7.4. la violazione delle norme in tema di criteri di scelta deriva, pertanto, come stabilito dalla Corte d’appello, dalla selezione avvenuta per reparto, in considerazione della mancanza di più ampia valutazione circa l’individuazione dei lavoratori da licenziare, avuto riguardo all’esistenza di professionalità fungibili idonee a consentire l’adibizione ad altri settori non oggetto di soppressione o riduzione;

8. i rilievi attinenti a vizi della motivazione di cui ai punti 1, 3 e 4 sono infondati, contenendo il percorso motivazionale, scevro di contraddizioni insanabili, il nucleo minimo sufficiente a rendere comprensibili le ragioni della decisione secondo i parametri indicati da Cass.

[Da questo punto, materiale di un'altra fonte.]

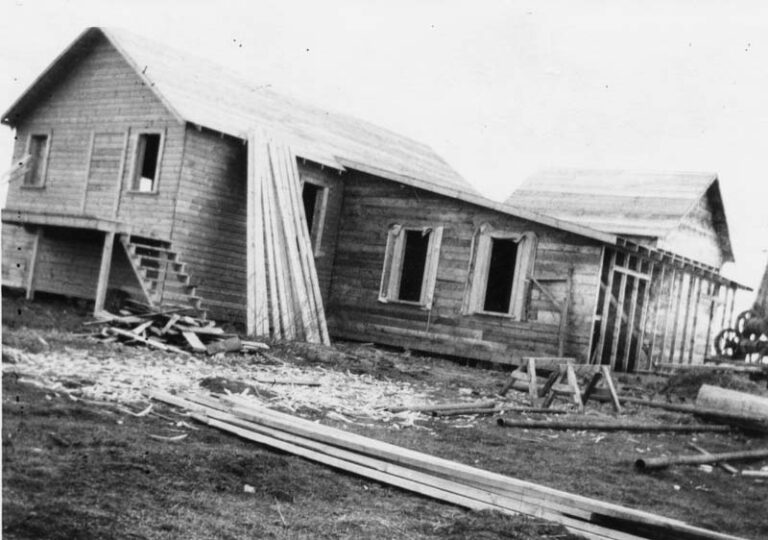 Image: Building of the Grande Prairie Creamery, with the ice house in the background. The creamery started operations in the fall of 1920. (SPRA 024.01.09.58)

S.U. 8053 2014;

9. nel resto, la censura sub 4 si manifesta inammissibile in relazione alla presunta violazione dell’art. 112 c.p.c., e di altre norme processuali, in mancanza di allegazione e corretta localizzazione, conformemente ai canoni di autosufficienza del ricorso per cassazione operante anche con riferimento agli errores in procedendo (Cass. n. 28072 del 14/10/2021), degli atti dai quali desumere la presunta extrapetizione che consentano di apprezzare il vizio rilevato, essendo a tal fine inidonea la limitata riproduzione di parti di essi (Cass. n. 20924 del 05/08/2019);

10. infondato, infine, è il sesto motivo perché, una volta confermata l’illegittimità del licenziamento in ragione della violazione del criterio di scelta, appare corretta la determinazione sanzionatoria parametrata alla sanzione più grave;

11. Il ricorso, conclusivamente, deve essere rigettato, con liquidazione delle spese secondo soccombenza.

PQM

La Corte rigetta il ricorso.

Condanna la ricorrente al pagamento delle spese del giudizio di legittimità, liquidate in complessivi Euro 4.200,00, di cui Euro 200,00 per esborsi, oltre spese generali al 15% e accessori di legge.

Ai sensi del D.P.R. n. 115 del 2002, art. 13, comma 1 quater, dà atto della sussistenza dei presupposti processuali per il versamento da parte della ricorrente dell’ulteriore importo a titolo di contributo unificato pari a quello, se dovuto, per il ricorso a norma dello stesso art. 13, comma 1-bis.

Così deciso in Roma, nell’adunanza camerale, il 1 dicembre 2021.